Finally using a secure password system.
Gawker, a large blogging network, recently had a security breakin and over 1/2 million users passwords were compromised. If you're like me, you re-use the same password on multitple different sites. That would give hackers access to multiple web sites by getting one password (Facebook, Twitter, your bank, Amazon, etc.).
While I used a "more secure" password for some sites, I did not have a systematic way of dealing with managing a unique password on multiple systems.
So, last night, I finally bit the bullet and installed a (free) password manager - Last Pass. Last Pass will do two things for you. First, it created a cloud-based secure storage location for all of your passwords. They are available from any web browser. Second, you can install a browser plugin that will auto-fill your username and password into any site you use regularly.
So, now, I have the freedom to create a unique password on every web site I use, AND I can choose something that is much harder to guess - like a string of 12 randomly chosen letters and digits. Since my password is not in any dictionary, the only way to steal it from a web site (that stores passwords as cryptographically secure hashes), is to to brute force guess all possble 12 character strings. That's over 60 bits of random information - or over a quintillion (10^18th) combinations.
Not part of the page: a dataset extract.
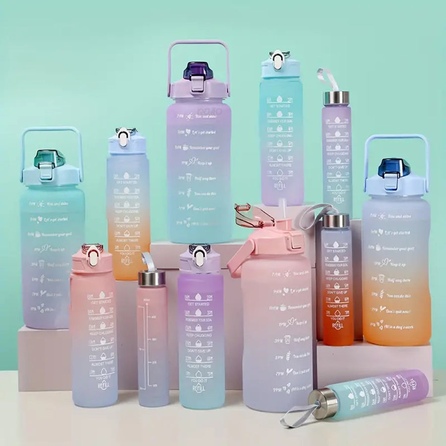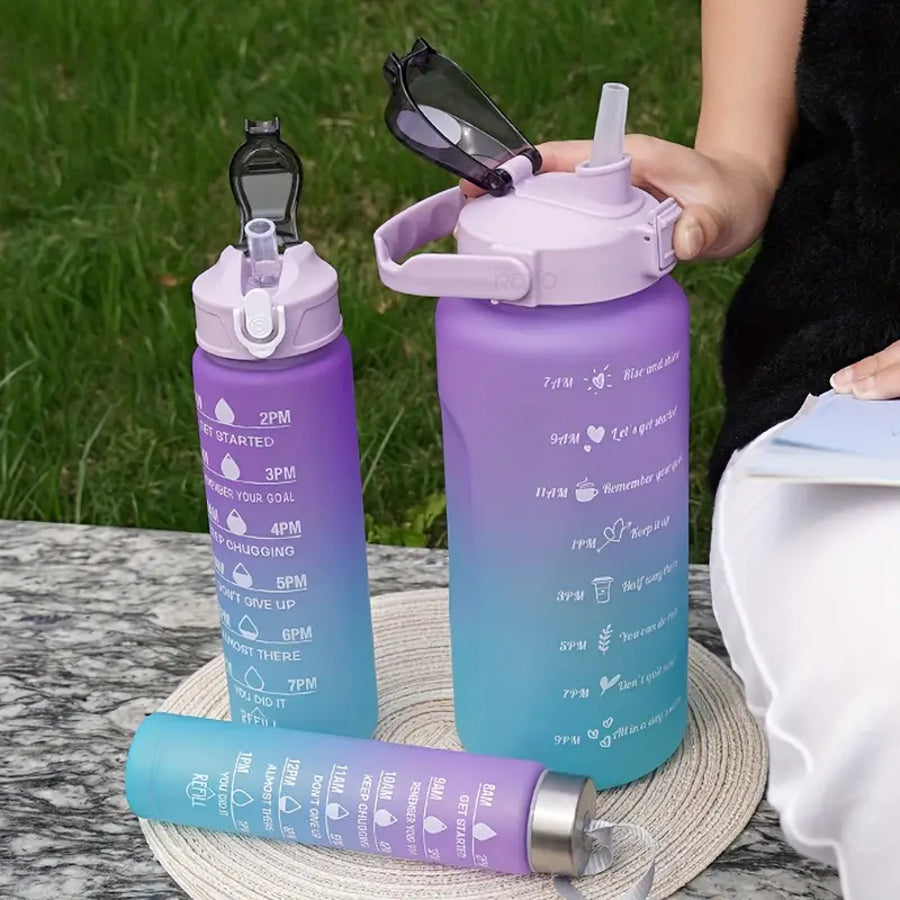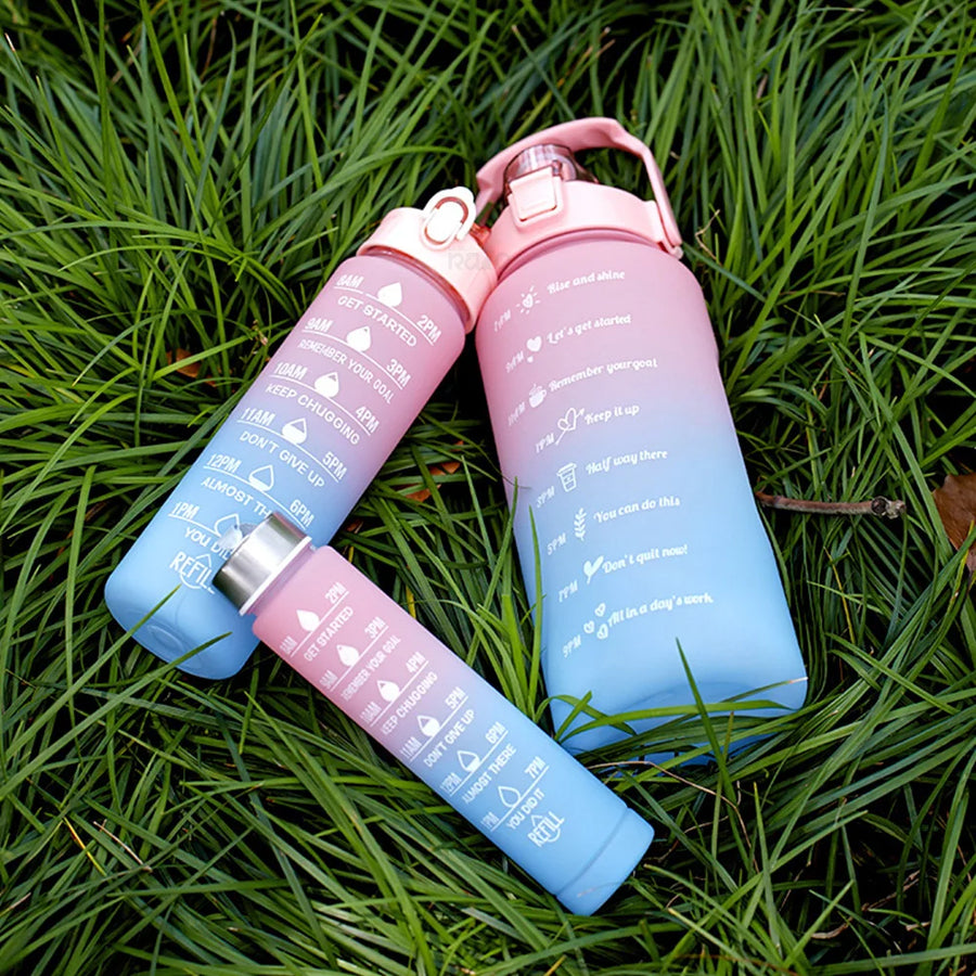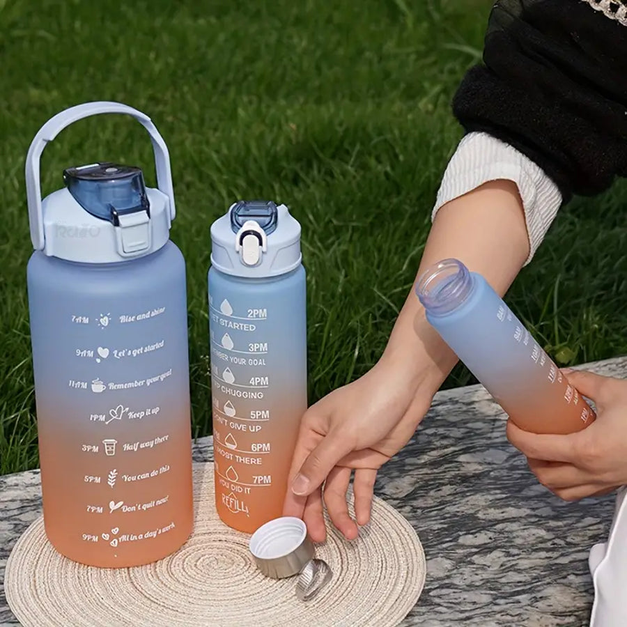 Transforma a tua rotina com este Kit de 3 Garrafas Motivacionais, pensado para te acompanhar em qualquer momento do dia — seja no trabalho, no ginásio ou durante caminhadas.
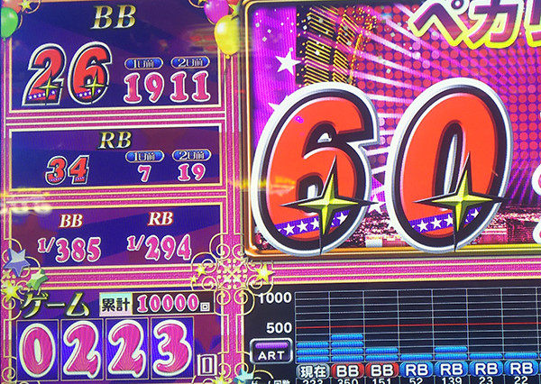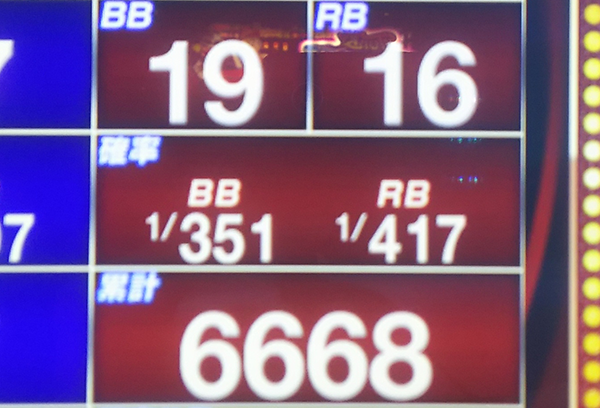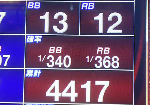 レバーを叩くスピードはそこまで速くないものの、9時オープンということもあり、12時頃には2200Gを通過。仲のよいプレイヤーが一緒に遊技をおこなってくれるなど、楽しげな雰囲気のなかでチャレンジを進めている様子であった。

It feels a little odd not even knowing my passwords anymore (I just have to remember a single secure password to log in to the Last Pass site). But I feel much better knowing that my data is not vulnerable to the kind of security breach that happened at Gawker this week.
The only downside is that I now have a single point of failure in LastPass. If they loose their database, I could loose my passwords I haven't backed up locally. And if THEY have a security breach, I could loose all my account information to hackers. But I would rather put my faith in one company, dedicated to protecting security, than to distribute that obligation among lots of individual sites around the web. Since my Last Pass password is also a random string, it's very difficult to decode on a trial and error basis. I believe Last Pass also goes out of their way to use an encryption algorithm that is intentially slow. Making a brute force attack that much more difficult.
If all sites supported a distributed authentication system, like Open ID, or oAuth, it would be even more convenient to use just a single authentication provide you trust, to gain access to every service you use.